> [What the task asks] What is needed is a word-for-word copy of the listing below, without pictures.

> [Data block]
========
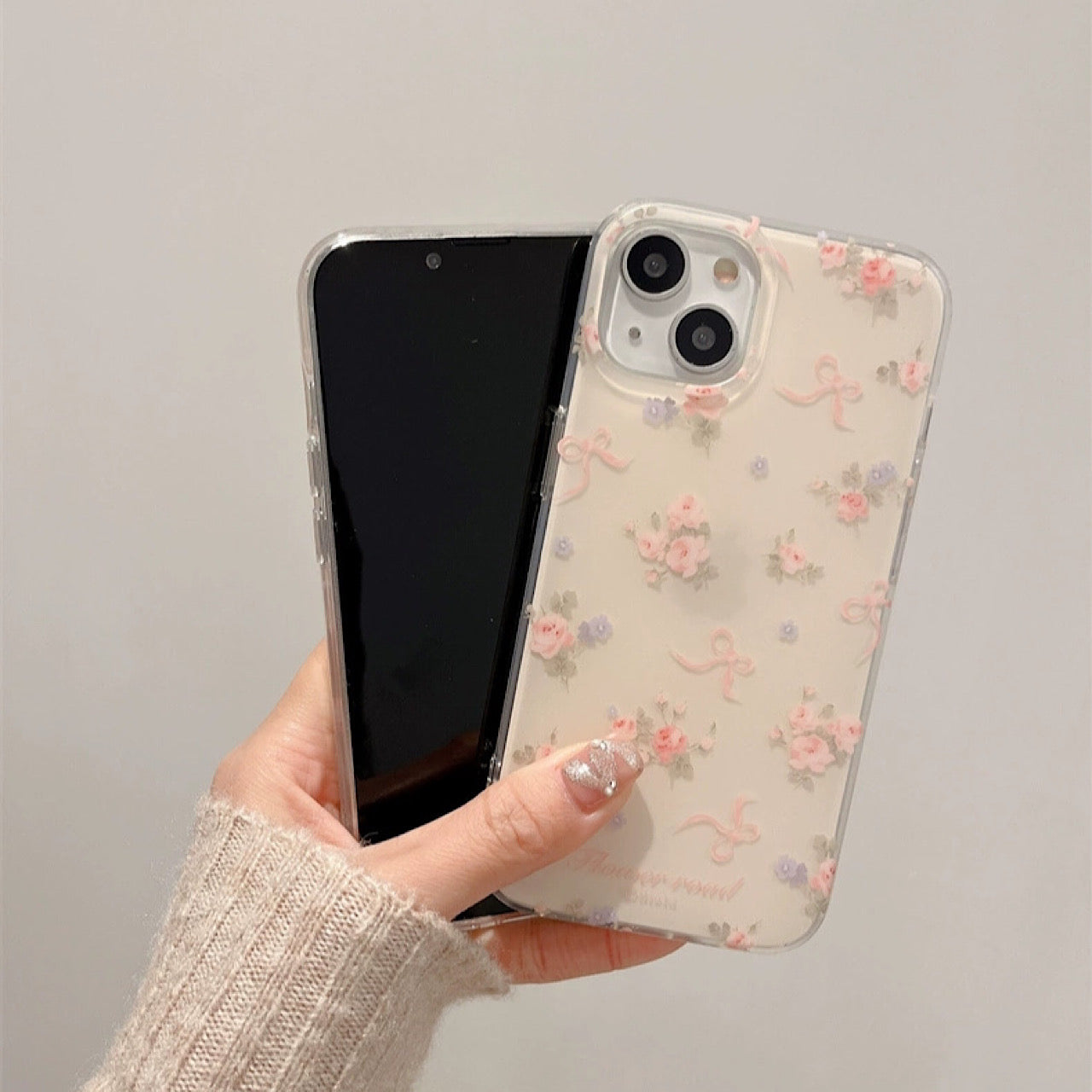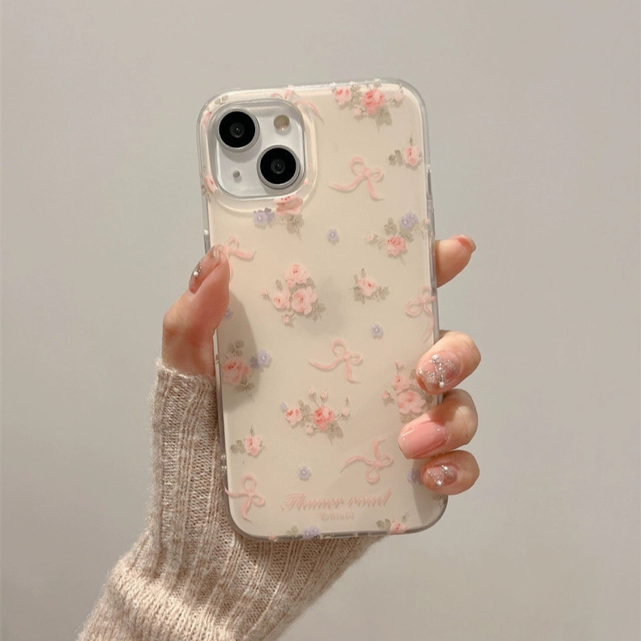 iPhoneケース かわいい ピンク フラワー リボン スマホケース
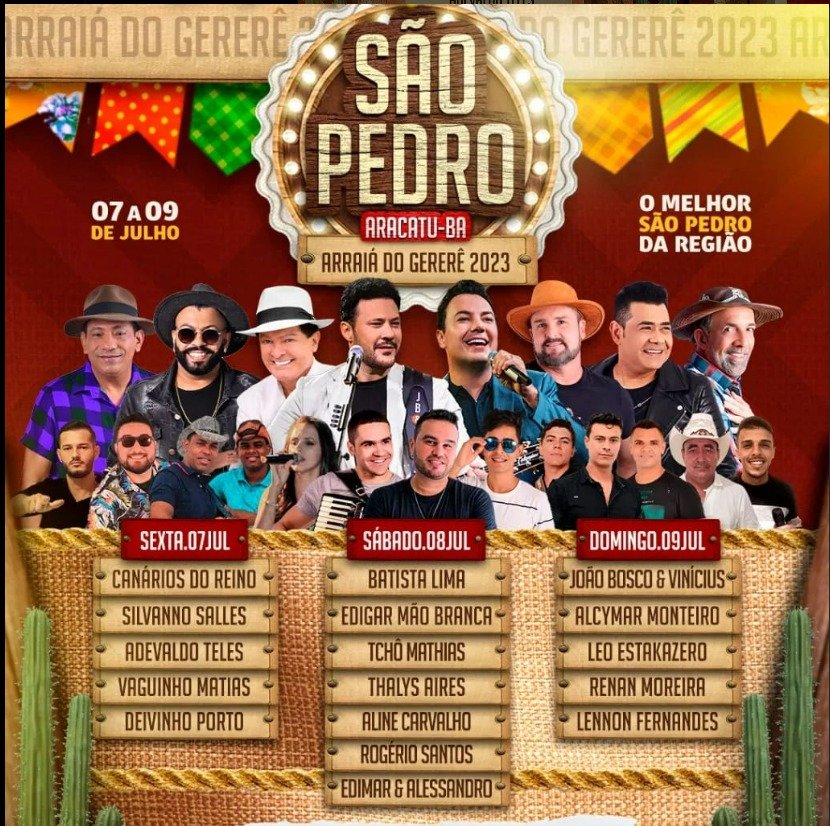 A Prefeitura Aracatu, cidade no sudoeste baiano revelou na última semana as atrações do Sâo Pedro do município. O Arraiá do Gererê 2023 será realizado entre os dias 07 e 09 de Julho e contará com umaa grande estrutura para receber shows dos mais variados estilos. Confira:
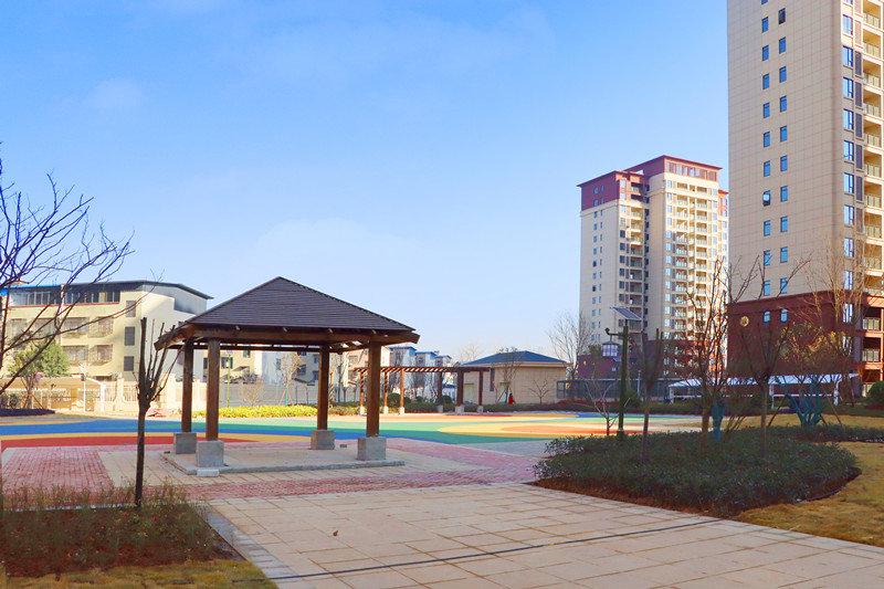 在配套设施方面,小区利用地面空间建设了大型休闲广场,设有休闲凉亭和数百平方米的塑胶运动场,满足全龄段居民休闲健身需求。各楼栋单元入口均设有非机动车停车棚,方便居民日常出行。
========
> [Your response]
 iPhoneケース かわいい ピンク フラワー リボン スマホケース
 A Prefeitura Aracatu, cidade no sudoeste baiano revelou na última semana as atrações do Sâo Pedro do município. O Arraiá do Gererê 2023 será realizado entre os dias 07 e 09 de Julho e contará com umaa grande estrutura para receber shows dos mais variados estilos. Confira:
 在配套设施方面,小区利用地面空间建设了大型休闲广场,设有休闲凉亭和数百平方米的塑胶运动场,满足全龄段居民休闲健身需求。各楼栋单元入口均设有非机动车停车棚,方便居民日常出行。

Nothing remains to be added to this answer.